My question is, mainly, is liquid methane a viable source of heat on titan, could you "burn it" or somehow extract some sort of energy from it to keep a probe functional for extended periods? Would the technology required for this be too large or expensive for the 20km/s delta-V required to get to Titan?


This question states you need Oxygen for Methane to combust, guessing that is not an option-- probably too risky and you need to much of it to be able to bring it with you. Is there another way to consume liquid methane where heat would be a result of the reaction without the need for oxygen (possibly using more native elements like Hydrogen/Nitrogen/Carbon)?


List of elements commonly available in Titan's atmosphere from wikipedia:

The atmospheric composition in the stratosphere is 98.4% nitrogen—the only dense, nitrogen-rich atmosphere in the Solar System aside from Earth's—with the remaining 1.6% composed mostly of methane (1.4%) and hydrogen (0.1–0.2%).

Other elements, that are solid on the surface (from this article):

Carbon dioxide has been suggested as a reasonable compositional component of Titan's surface. The GCMS did tentatively identify CO2 at the surface.

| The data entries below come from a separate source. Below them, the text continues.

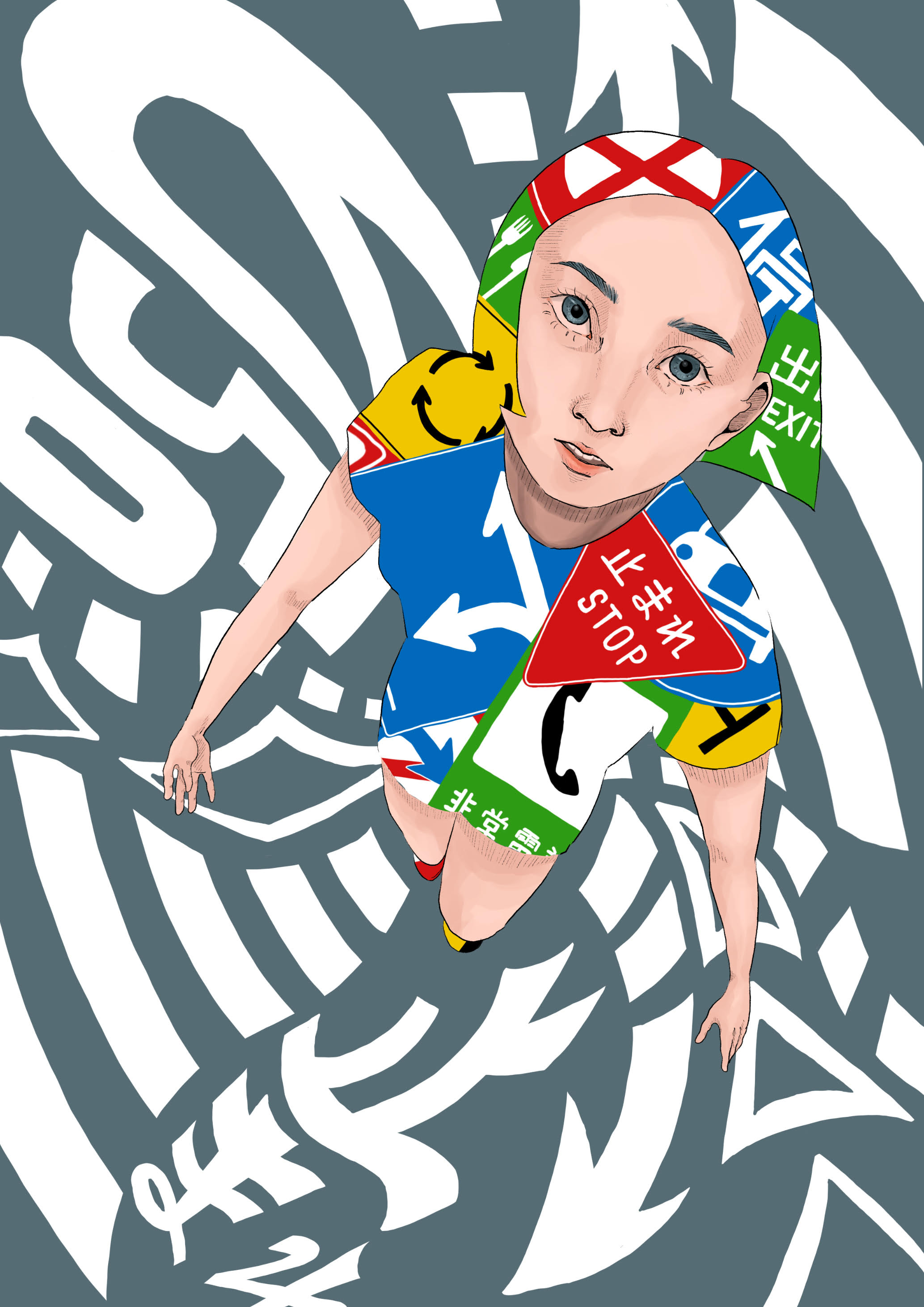 クリッピングマスクを使って、人物に色を塗りました。まず標識はそれぞれ別レイヤーに描き、人物レイヤーの上にバランスよく配置し、髪や服に沿って切り抜きしています。また肌の陰影も、最初に人物の体全体に肌色を塗り、その上から光や影を付けて、体の形に沿って切り抜きしています。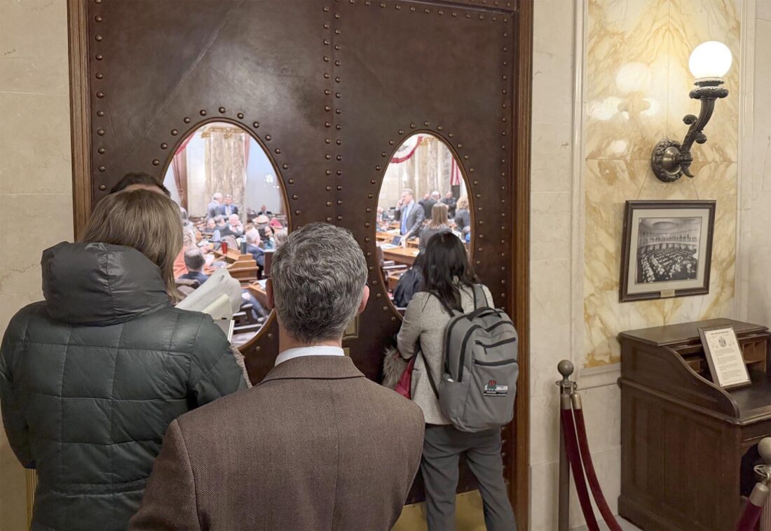 Wisconsin Department of Natural Resources Secretary Karen Hyun peers through the window after the state Assembly passed one of two PFAS bills Friday. (Henry Redman | Wisconsin Examiner)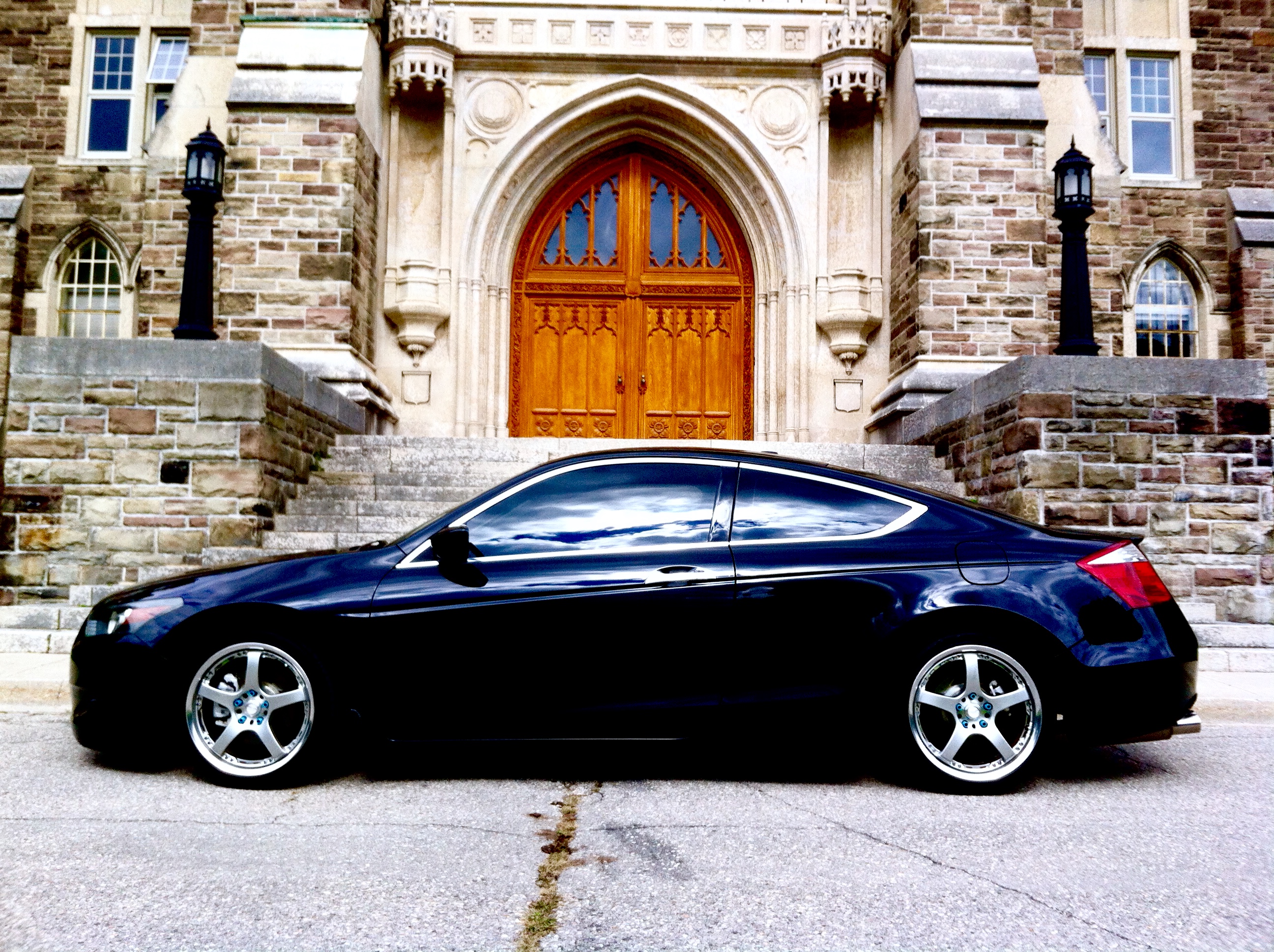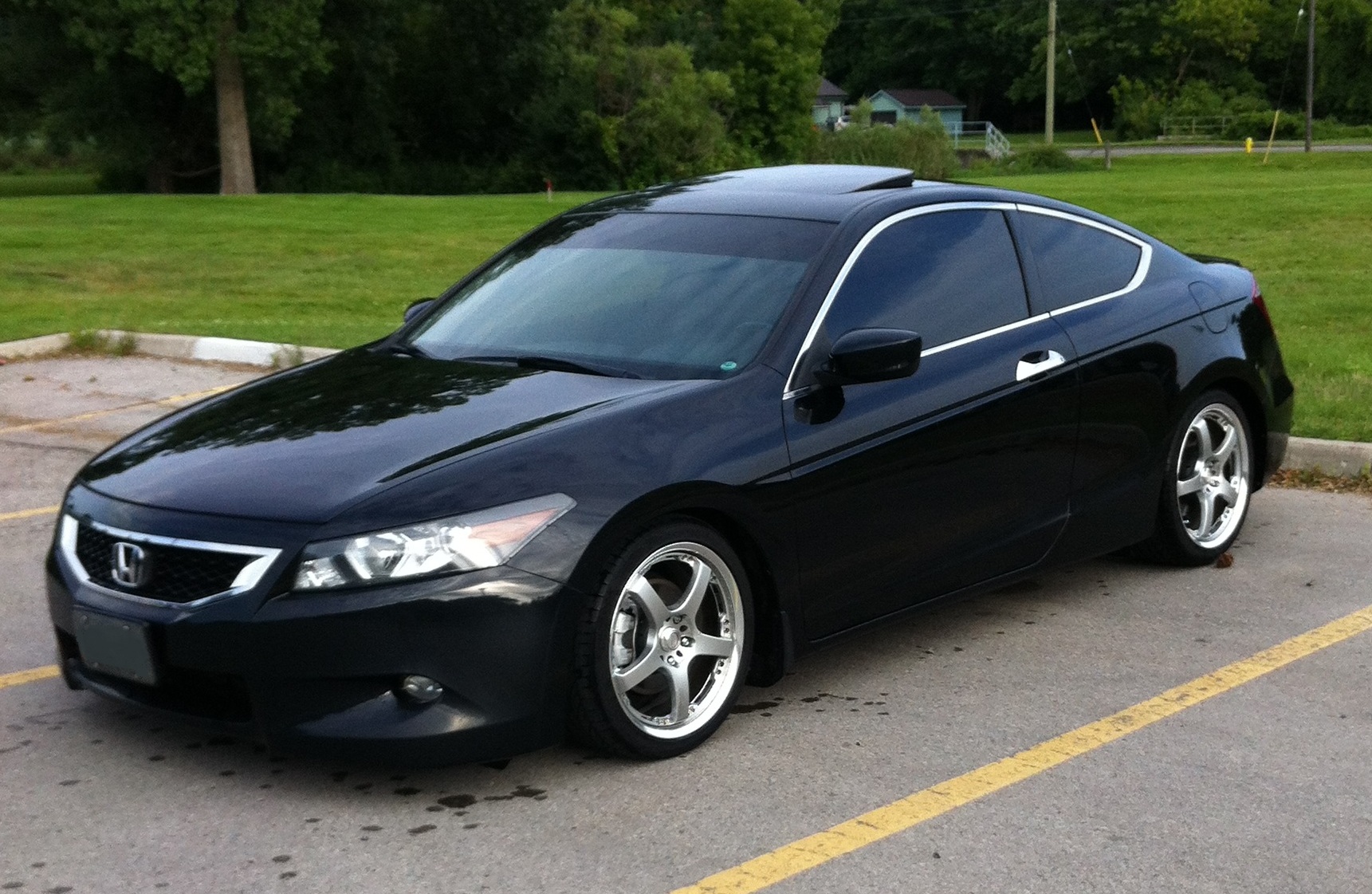 I thought I would introduce myself and my ride. The first car I bought myself was a 2004 Accord LX 4-cyl Sedan. It was a great car and got me through collage. I put a huge sound system in and threw some 20s on it. Looked good but I was wanting something faster. So I traded it in and bought my 2008 EX-L 6-6 Coupe in February of 2012. I laid low with modifications for the first year, but threw on the 20s I had on my previous Accord. Here she is when I picked her up from the dealership.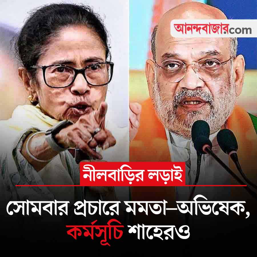 সোমবার নির্বাচনী প্রচারে জমজমাট হতে চলেছে রাজ্য রাজনীতি। মুখ্যমন্ত্রী মমতা বন্দ্যোপাধ্যায় তিনটি জনসভা করবেন— সিউড়ি, আউশগ্রাম এবং দুর্গাপুর পূর্ব বিধানসভা কেন্দ্রে। অন্য দিকে, কেন্দ্রীয় স্বরাষ্ট্রমন্ত্রী অমিত শাহ বীরভূম জেলার বোলপুর ও খয়রাশোলে সভা করবেন। পাশাপাশি পশ্চিম বর্ধমানে একটি জনসভা ও রোড শোতেও যোগ দেবেন তিনি। তৃণমূল কংগ্রেসের সর্বভারতীয় সাধারণ সম্পাদক অভিষেক বন্দ্যোপাধ্যায় করিমপুর, রানাঘাট ও বাদুড়িয়ায় তিনটি জনসভা করবেন।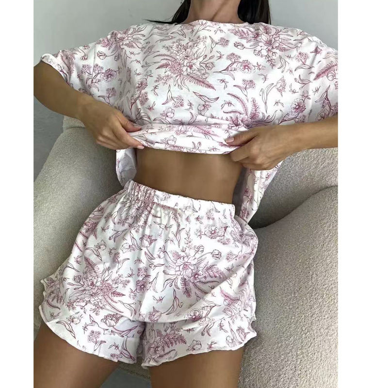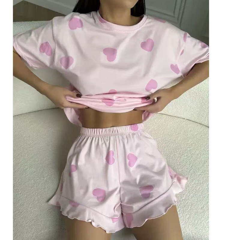 外贸休闲女装跨境家居服爱心印花短袖睡衣短裤两件套宽松舒适套装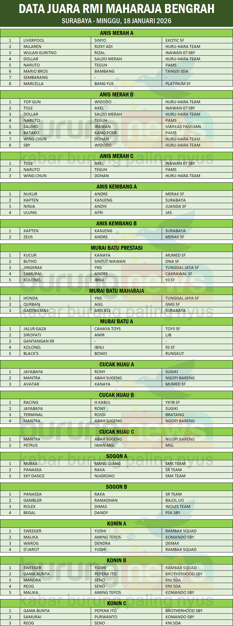 Konin Sweeger milik Yudhi dari Rambax Squad, bisa meraih dua kemenangan pada gelaran RMI Bengrah, Surabaya hari Minggu, 18 Januari 2026. Beberapa gaco lainnya seperti anis merah Tole milik Axel dari Wawan 07 Sby, anis kembang Kapten milik Kanjeng dari Surabaya, sogon Panasea milik Raka dari SR Team dan cucak hijau Jayabaya milik Rony dari Sugiki & Mantra milik Abah Sugeng dari Ngopi Bareng SF nyaris merebut dua gelar kejuaraan. [diks]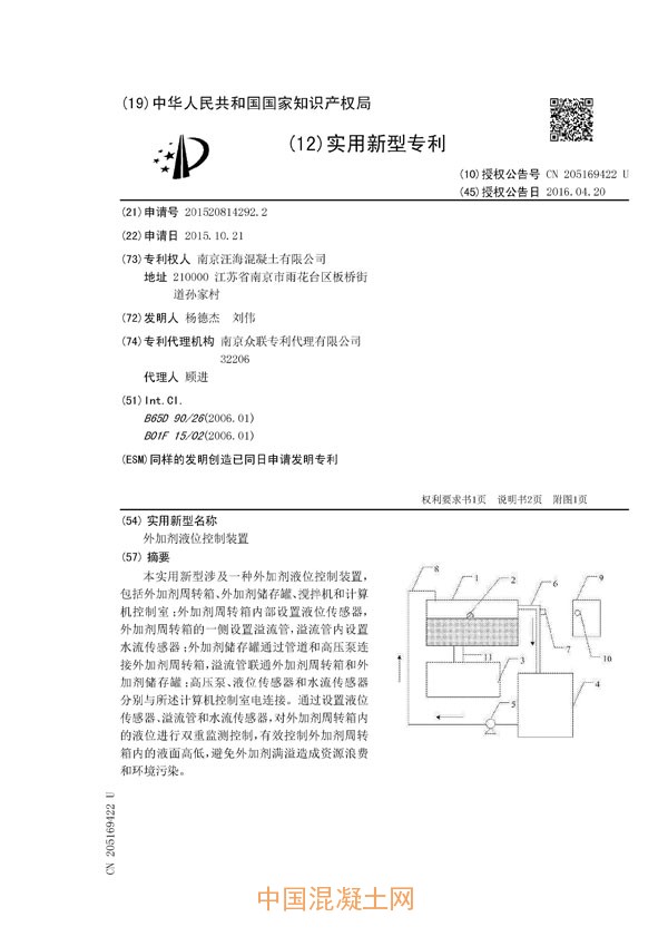 核心提示:本實用新型涉及一種外加劑液位控制裝置,包括外加劑周轉箱、外加劑儲存罐、攪拌機和計算機控制室;外加劑周轉箱內(nèi)部設置液位傳感器,外加劑周轉箱的一側設置溢流管,溢流管內(nèi)設置水流傳感器;外加劑儲存罐通過管道和高壓泵連接外加劑周轉箱,溢流管聯(lián)通外加劑周轉箱和外加劑儲存罐;高壓泵、液位傳感器和水流傳感器分別與所述計算機控制室電連接。通過設置液位傳感器、溢流管和水流傳感器,對外加劑周轉箱內(nèi)的液位進行雙重監(jiān)測控制,有效控制外加劑周轉箱內(nèi)的液面高低,避免外加劑滿溢造成資源浪費和環(huán)境污染。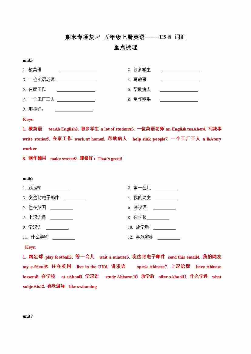 专题02 U5-8词汇-五年级英语上册寒假专项提升(教师版)(译林版三起)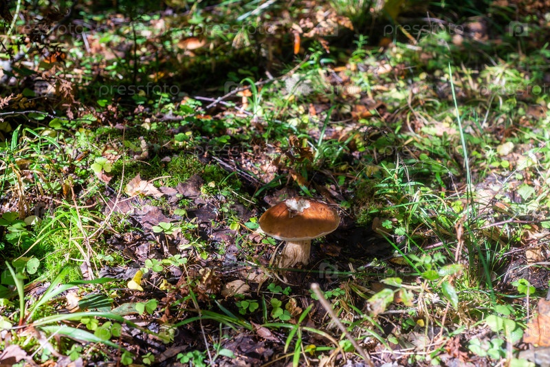 Белый гриб вырос в лесу. Представитель рода боровики семейства болезненный класс агарикомицеты. Съедобные грибы. Белый гриб вырос в лесу. Представитель рода boletus из семьи Bolete класса agaricomycetes. Естный гриб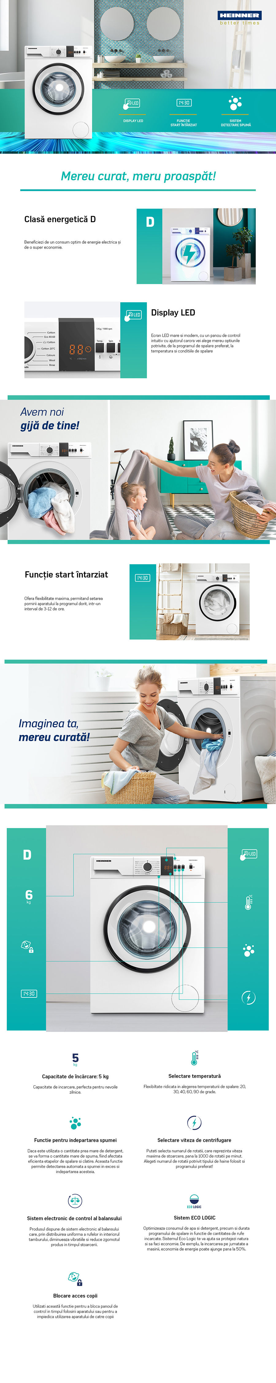 Masina de spalat rufe Heinner HWM-VT0510CHD++, 5 kg, 1000 rpm, Display digital, Blocare acces copii, Alb
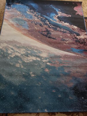 [This review was collected as part of a promotion.] This rug is so beautiful. My son loves it in his backyard patio area. He is into galaxy stuff,so I thought of him when I chose this rug. It's 5'3"×7' which is a great size for an area rug. Excellent quality and very durable. The colors are intense. Made from intricately high-grade polyester yarns for exceptional resilience and longevity. Indoor/Outdoor use. Weather and stain resistance.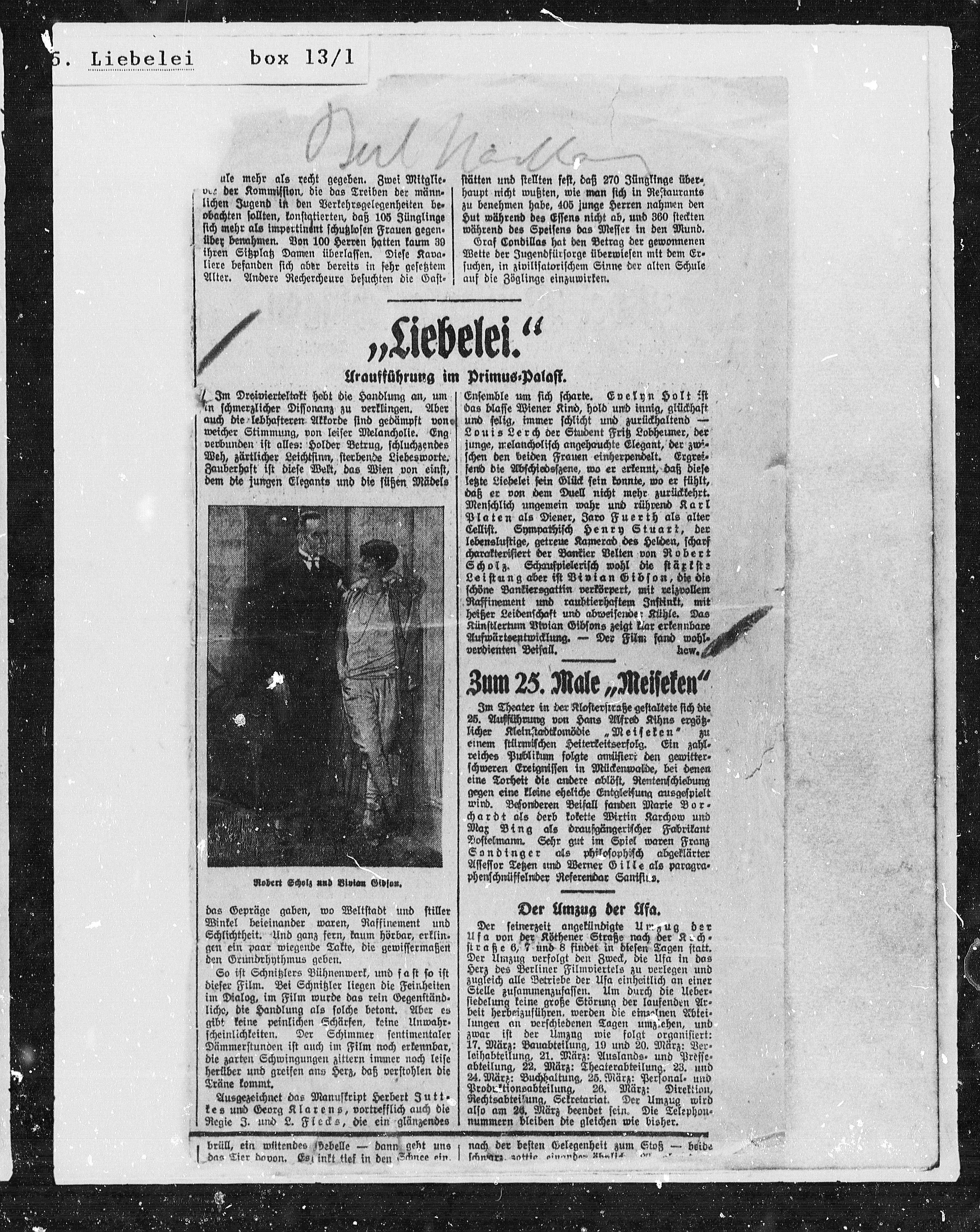 Aufwärtsentwicklung. — Der Film fand wohl¬

Both data sets suggest a high degree of volume scattering indicating substantial porosity making higher- ε materials including fractured, porous water ice, possible. At the same time, these data preclude substantial exposures of solid sheets of water ice (ε ~ 3.1) in the near surface except perhaps as local outcrops as at Sinlap crater (ε ~ 2.5).

(Carbon, Oxygen, Hydrogen, other hydrocarbons...)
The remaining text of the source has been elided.